▸ The input
"""

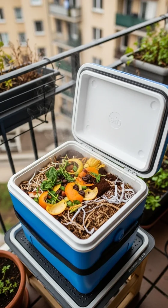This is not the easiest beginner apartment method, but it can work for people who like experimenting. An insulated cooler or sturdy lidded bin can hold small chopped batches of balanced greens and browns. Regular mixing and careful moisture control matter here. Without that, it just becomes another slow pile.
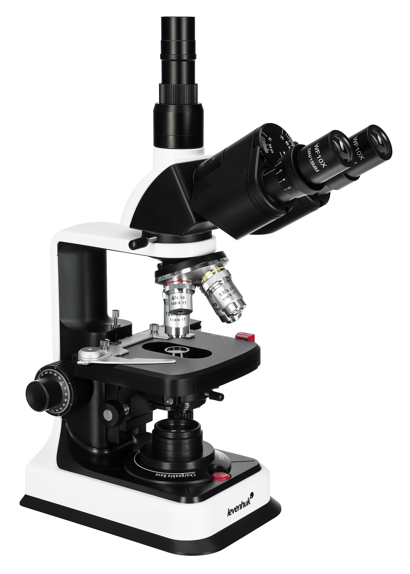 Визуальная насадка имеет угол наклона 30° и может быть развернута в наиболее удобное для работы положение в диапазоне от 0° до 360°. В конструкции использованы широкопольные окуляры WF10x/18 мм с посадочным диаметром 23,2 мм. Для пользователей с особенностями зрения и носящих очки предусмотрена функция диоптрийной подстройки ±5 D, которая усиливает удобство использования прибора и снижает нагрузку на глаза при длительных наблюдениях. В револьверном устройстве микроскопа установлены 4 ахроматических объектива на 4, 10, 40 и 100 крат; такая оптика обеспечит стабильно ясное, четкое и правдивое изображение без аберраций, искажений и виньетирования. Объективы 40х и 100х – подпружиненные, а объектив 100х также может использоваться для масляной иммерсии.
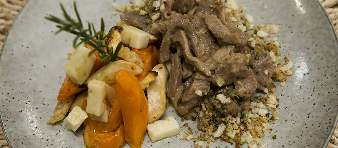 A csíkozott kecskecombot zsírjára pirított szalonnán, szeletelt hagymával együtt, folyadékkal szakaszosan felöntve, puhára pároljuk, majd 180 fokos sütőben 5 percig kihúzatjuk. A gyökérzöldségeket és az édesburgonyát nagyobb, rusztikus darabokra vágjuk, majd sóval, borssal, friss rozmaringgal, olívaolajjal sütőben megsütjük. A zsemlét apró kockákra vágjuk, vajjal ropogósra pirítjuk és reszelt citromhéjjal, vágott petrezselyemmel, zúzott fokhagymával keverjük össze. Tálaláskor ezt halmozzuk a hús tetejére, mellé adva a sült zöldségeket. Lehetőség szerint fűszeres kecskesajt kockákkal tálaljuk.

"""
"""

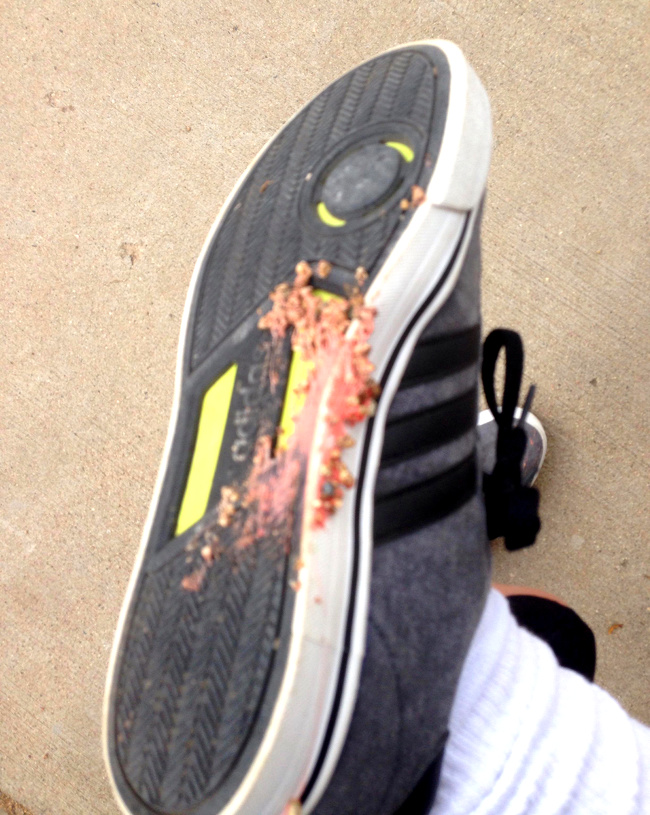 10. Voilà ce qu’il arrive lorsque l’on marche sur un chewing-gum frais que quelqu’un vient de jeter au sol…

"""

▸ Required work
Could you transcribe exactly the entries above, but only the lines from the one with "This is not" through the one with "A csíkozott kecskecombot", and without pictures?

▸ Written reply
This is not the easiest beginner apartment method, but it can work for people who like experimenting. An insulated cooler or sturdy lidded bin can hold small chopped batches of balanced greens and browns. Regular mixing and careful moisture control matter here. Without that, it just becomes another slow pile.
 Визуальная насадка имеет угол наклона 30° и может быть развернута в наиболее удобное для работы положение в диапазоне от 0° до 360°. В конструкции использованы широкопольные окуляры WF10x/18 мм с посадочным диаметром 23,2 мм. Для пользователей с особенностями зрения и носящих очки предусмотрена функция диоптрийной подстройки ±5 D, которая усиливает удобство использования прибора и снижает нагрузку на глаза при длительных наблюдениях. В револьверном устройстве микроскопа установлены 4 ахроматических объектива на 4, 10, 40 и 100 крат; такая оптика обеспечит стабильно ясное, четкое и правдивое изображение без аберраций, искажений и виньетирования. Объективы 40х и 100х – подпружиненные, а объектив 100х также может использоваться для масляной иммерсии.
 A csíkozott kecskecombot zsírjára pirított szalonnán, szeletelt hagymával együtt, folyadékkal szakaszosan felöntve, puhára pároljuk, majd 180 fokos sütőben 5 percig kihúzatjuk. A gyökérzöldségeket és az édesburgonyát nagyobb, rusztikus darabokra vágjuk, majd sóval, borssal, friss rozmaringgal, olívaolajjal sütőben megsütjük. A zsemlét apró kockákra vágjuk, vajjal ropogósra pirítjuk és reszelt citromhéjjal, vágott petrezselyemmel, zúzott fokhagymával keverjük össze. Tálaláskor ezt halmozzuk a hús tetejére, mellé adva a sült zöldségeket. Lehetőség szerint fűszeres kecskesajt kockákkal tálaljuk.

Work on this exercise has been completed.